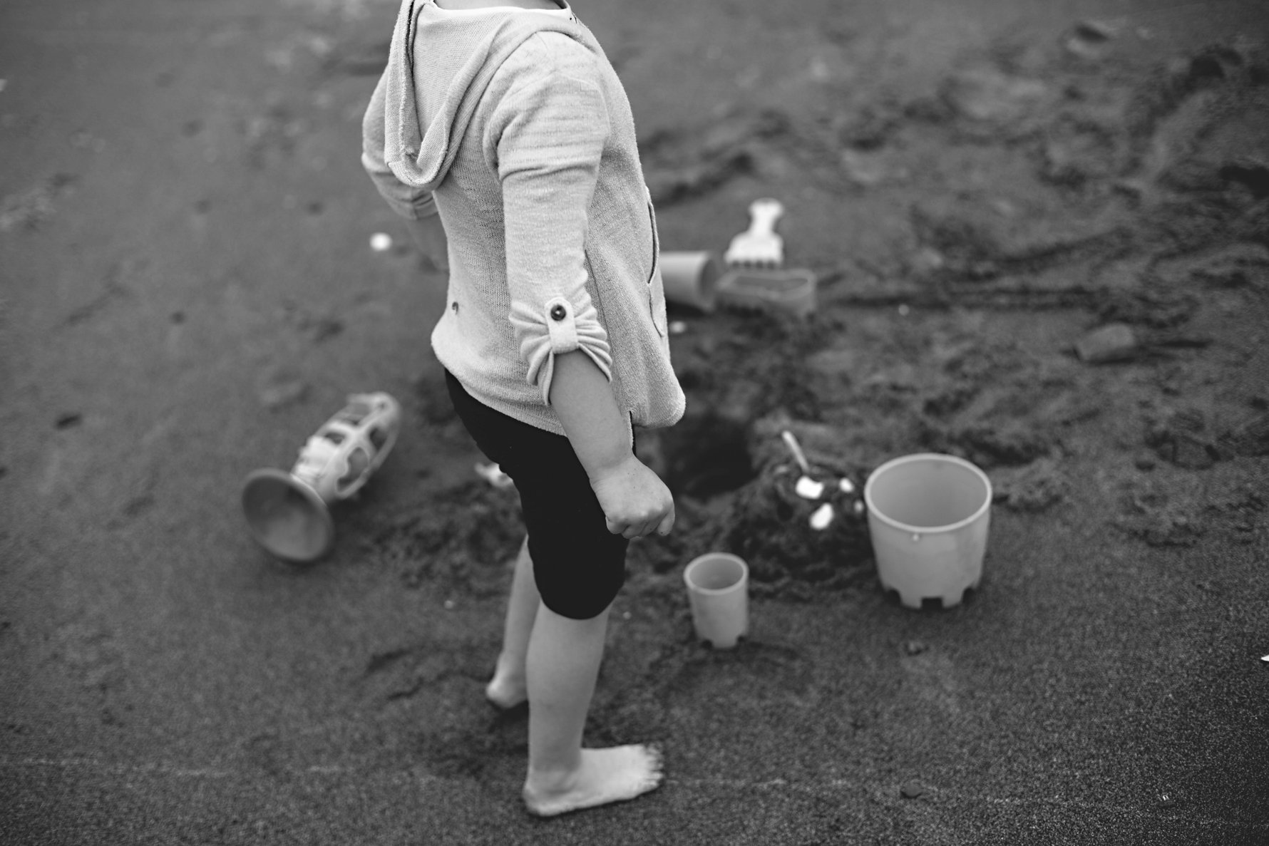 A quick morning beach visit. Isla brought her sand toys down and built a sand castle.
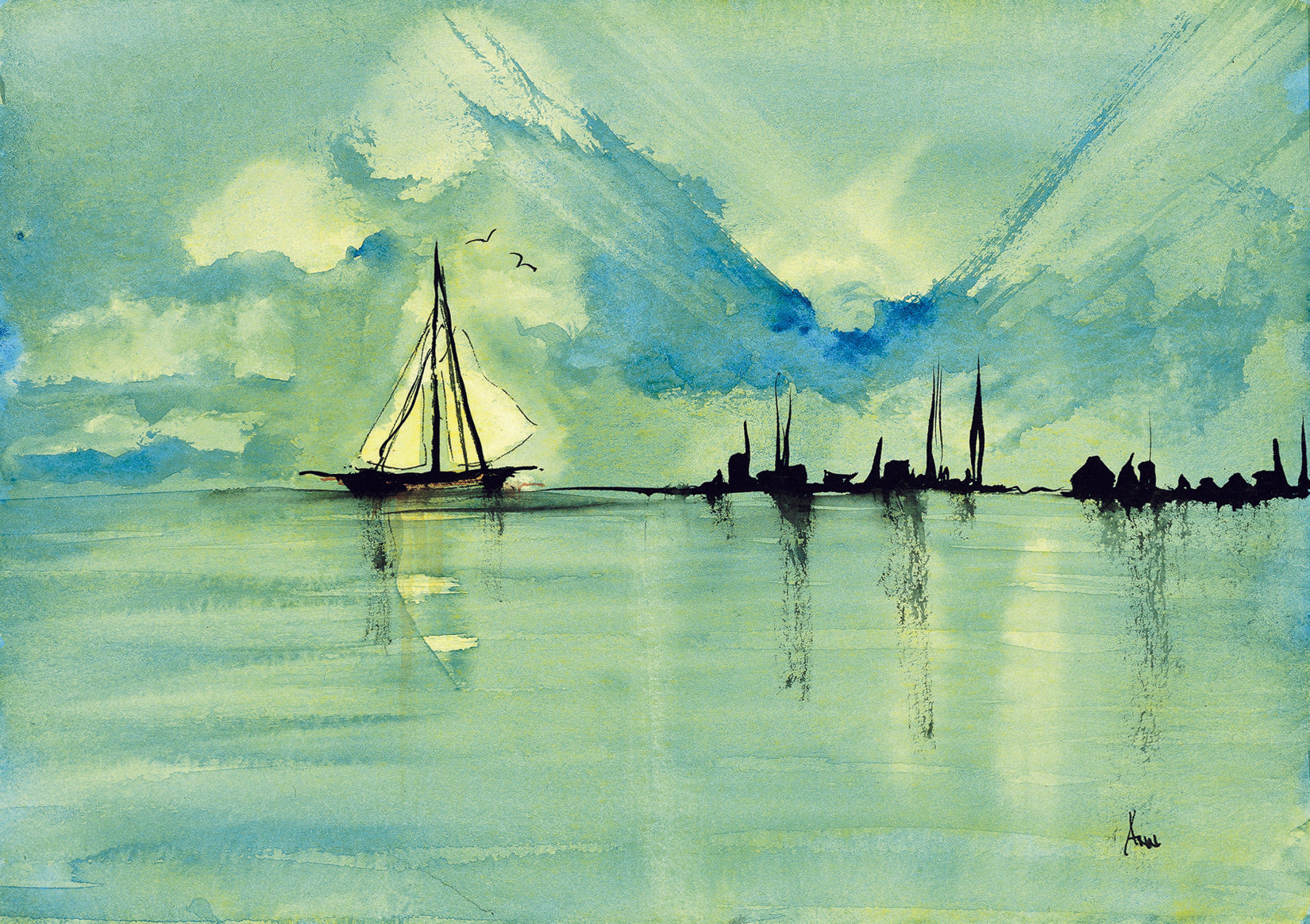 The painter’s masterful interplay of light and texture in this ethereal seascape invites the viewer into an almost meditative reverie. The sailboat, sketched with delicate precision, acts as a focal point, guiding the eye across the glassy expanse of water, while the distant horizon seems to dissolve into the heavens. The subtle watercolor technique used here is almost minimalist, yet each stroke evokes a sense of timeless tranquility. The sky’s muted palette, ranging from soft yellows to serene blues, adds an element of gentle contrast to the inky silhouettes of the boat and shoreline. This composition is a study in the art of suggestion, where form meets formlessness in a dance of quietude, embodying the vastness and solitude of the open sea.
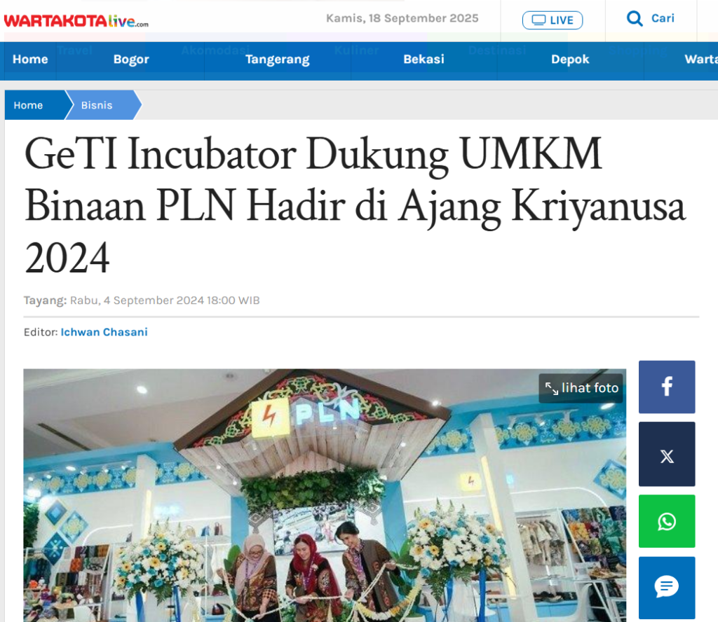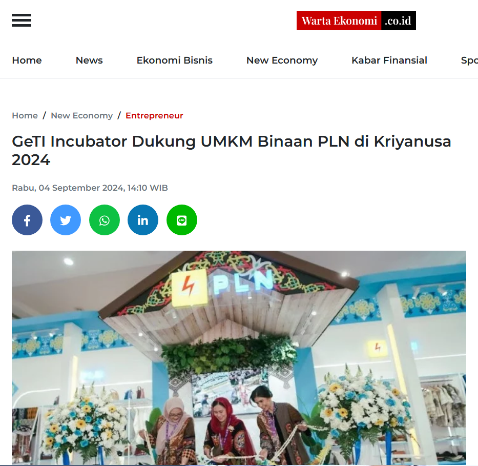 Wartaekonomi.co.id – GeTI Incubator Dukung UMKM Binaan PLN di Kriyanusa 2024
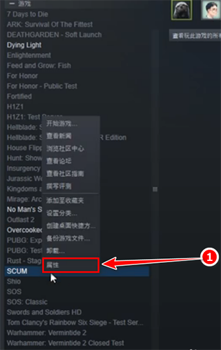 2、在游戏SCUM名字上点击右键,选择属性。
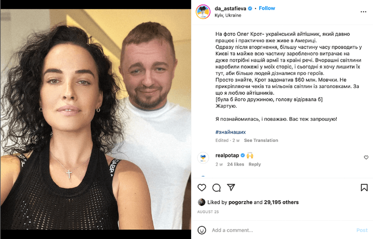 Ба більше — "Течію" підтримують навіть публічні особи. Так, відома українська співачка Даша Астафʼєва публікувала в своєму інстаграм фото з Олегом Кротом, де захоплювалася його щедрістю.
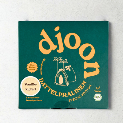 Wir haben ein paar viele unserer hellen Dattelpralinen mit Vanillekipferl-Füllung gemacht! Aber die schmecken auch einfach so himmlisch lecker nach der wohl schönsten Zeit des Jahres und verzaubern sowohl große als auch kleine Naschfreunde - da kann das schon mal passieren. Umso besser für dich, denn diese Kreation gibt's jetzt zum einmalig günstigen Preis 😉. 9 Pralinen, 100g.
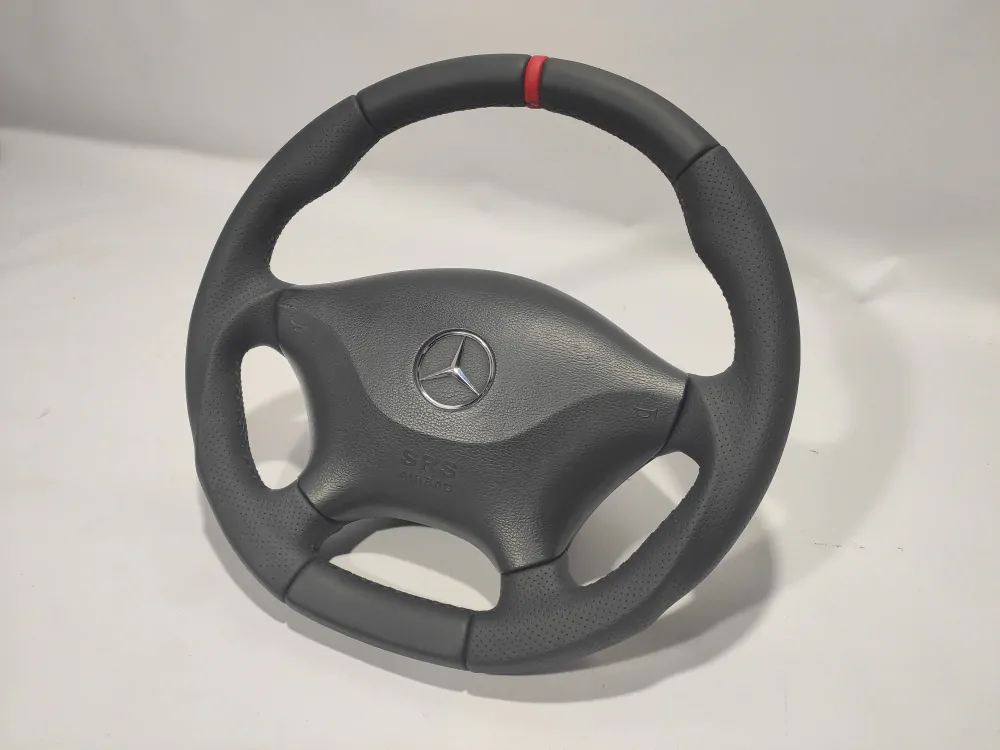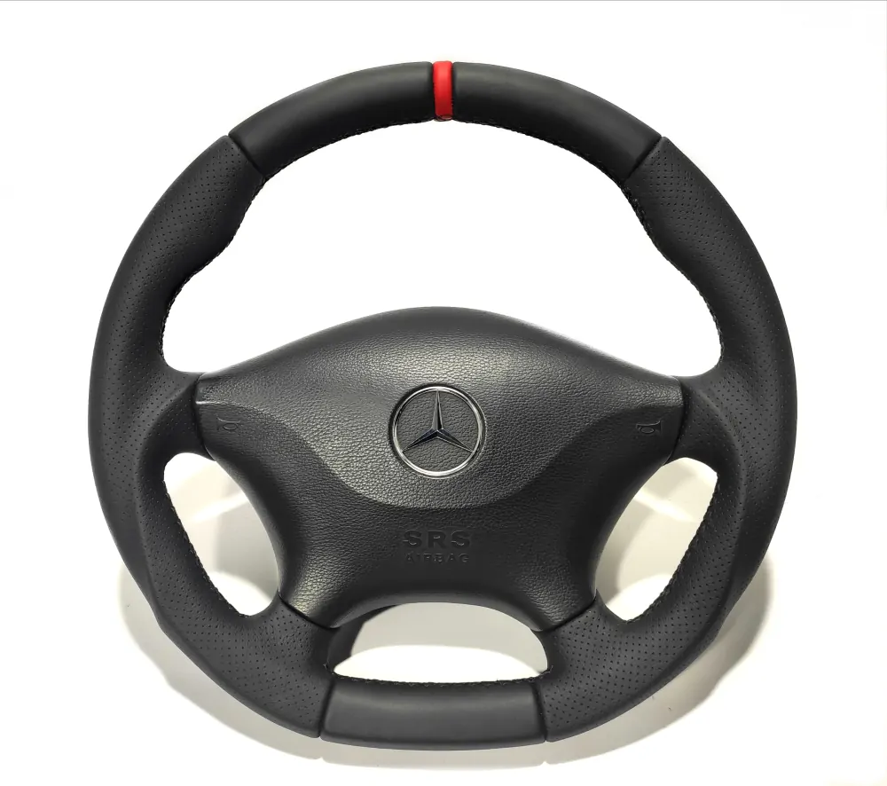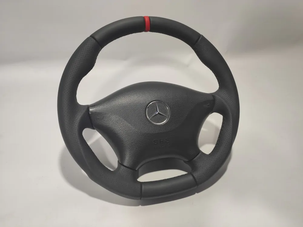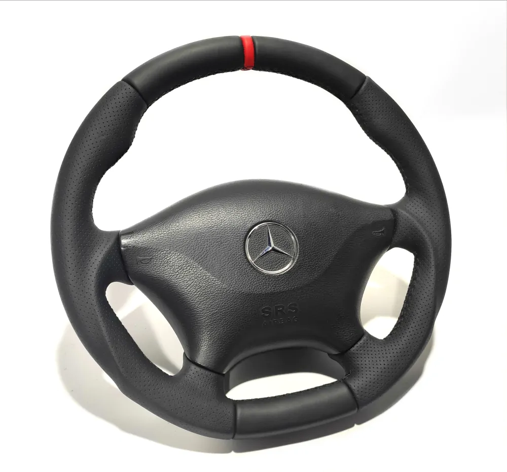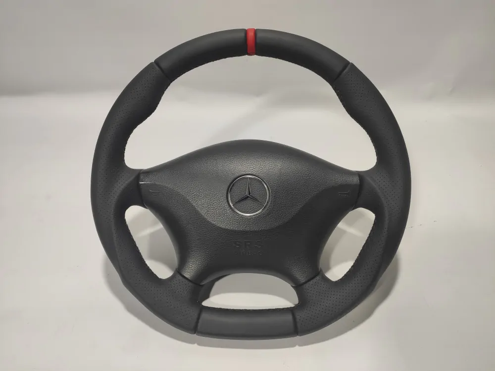 Elegant steering wheel will be a unique addition to the interior of your car! Convenient anatomy, soft -Black original leather in combination with a black perforated leather and Black stitching will cause only pleasant driving sensations! Unique anatomy (Made on polyurethane, not putty). Changed geometry (flat bottom). Red leather 12 o’clock stripe. Authentic. Refurbished. Airbag is not included.
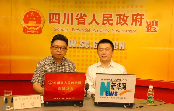 省工商局副局长沈健同志接受四川省人民政府网站专访并与网友在线交流。图为沈健进入省政府网访谈室。
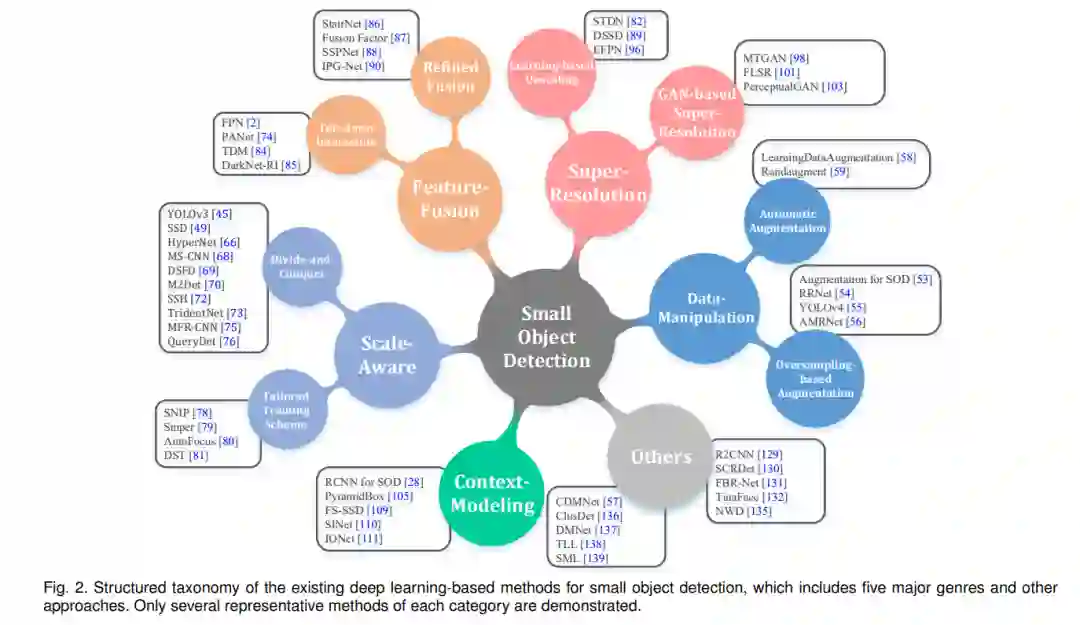 小物体的特征表示质量不高的原因是它们的尺寸有限和一般的特征提取范式。具体而言,目前流行的特征提取器[10],[11],[12]通常对特征映射进行下采样,以减少空间冗余和学习高维特征,这不可避免地会减少微小物体的表示。而且小目标的特征在卷积处理后容易被背景等实例污染,使得网络难以捕捉到对后续任务至关重要的判别性信息。针对这一问题,研究人员提出了一系列的工作,可分为6类: 数据操作方法、尺度感知方法、特征融合方法、超分辨率方法、上下文建模方法和其他方法。我们将在综述部分详尽地讨论这些方法,并将提供深入的分析。
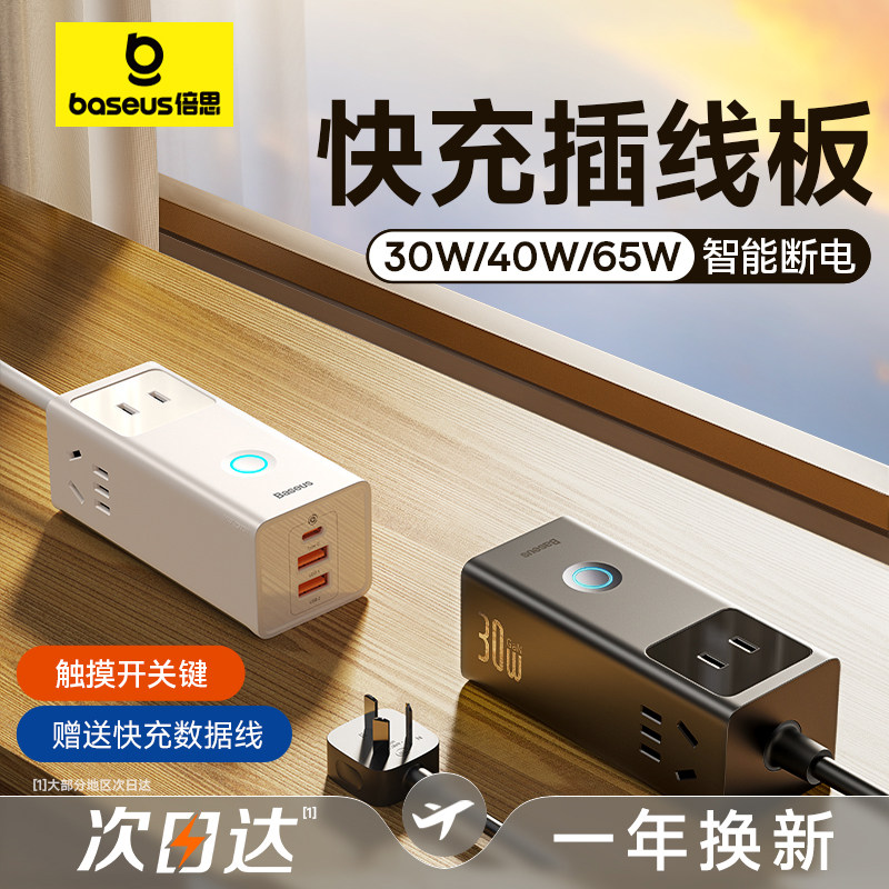 倍思快充插线板usb插座30w桌面65w氮化镓长线多功能排插插板旅行
----
**WHAT TO WORK ON**:
Could the material above be written out again word for word, with the pictures dropped?

**TASK RESULT**:
 A quick morning beach visit. Isla brought her sand toys down and built a sand castle.
 The painter’s masterful interplay of light and texture in this ethereal seascape invites the viewer into an almost meditative reverie. The sailboat, sketched with delicate precision, acts as a focal point, guiding the eye across the glassy expanse of water, while the distant horizon seems to dissolve into the heavens. The subtle watercolor technique used here is almost minimalist, yet each stroke evokes a sense of timeless tranquility. The sky’s muted palette, ranging from soft yellows to serene blues, adds an element of gentle contrast to the inky silhouettes of the boat and shoreline. This composition is a study in the art of suggestion, where form meets formlessness in a dance of quietude, embodying the vastness and solitude of the open sea.
 Wartaekonomi.co.id – GeTI Incubator Dukung UMKM Binaan PLN di Kriyanusa 2024
 2、在游戏SCUM名字上点击右键,选择属性。
 Ба більше — "Течію" підтримують навіть публічні особи. Так, відома українська співачка Даша Астафʼєва публікувала в своєму інстаграм фото з Олегом Кротом, де захоплювалася його щедрістю.
 Wir haben ein paar viele unserer hellen Dattelpralinen mit Vanillekipferl-Füllung gemacht! Aber die schmecken auch einfach so himmlisch lecker nach der wohl schönsten Zeit des Jahres und verzaubern sowohl große als auch kleine Naschfreunde - da kann das schon mal passieren. Umso besser für dich, denn diese Kreation gibt's jetzt zum einmalig günstigen Preis 😉. 9 Pralinen, 100g.
 Elegant steering wheel will be a unique addition to the interior of your car! Convenient anatomy, soft -Black original leather in combination with a black perforated leather and Black stitching will cause only pleasant driving sensations! Unique anatomy (Made on polyurethane, not putty). Changed geometry (flat bottom). Red leather 12 o’clock stripe. Authentic. Refurbished. Airbag is not included.
 省工商局副局长沈健同志接受四川省人民政府网站专访并与网友在线交流。图为沈健进入省政府网访谈室。
 小物体的特征表示质量不高的原因是它们的尺寸有限和一般的特征提取范式。具体而言,目前流行的特征提取器[10],[11],[12]通常对特征映射进行下采样,以减少空间冗余和学习高维特征,这不可避免地会减少微小物体的表示。而且小目标的特征在卷积处理后容易被背景等实例污染,使得网络难以捕捉到对后续任务至关重要的判别性信息。针对这一问题,研究人员提出了一系列的工作,可分为6类: 数据操作方法、尺度感知方法、特征融合方法、超分辨率方法、上下文建模方法和其他方法。我们将在综述部分详尽地讨论这些方法,并将提供深入的分析。
 倍思快充插线板usb插座30w桌面65w氮化镓长线多功能排插插板旅行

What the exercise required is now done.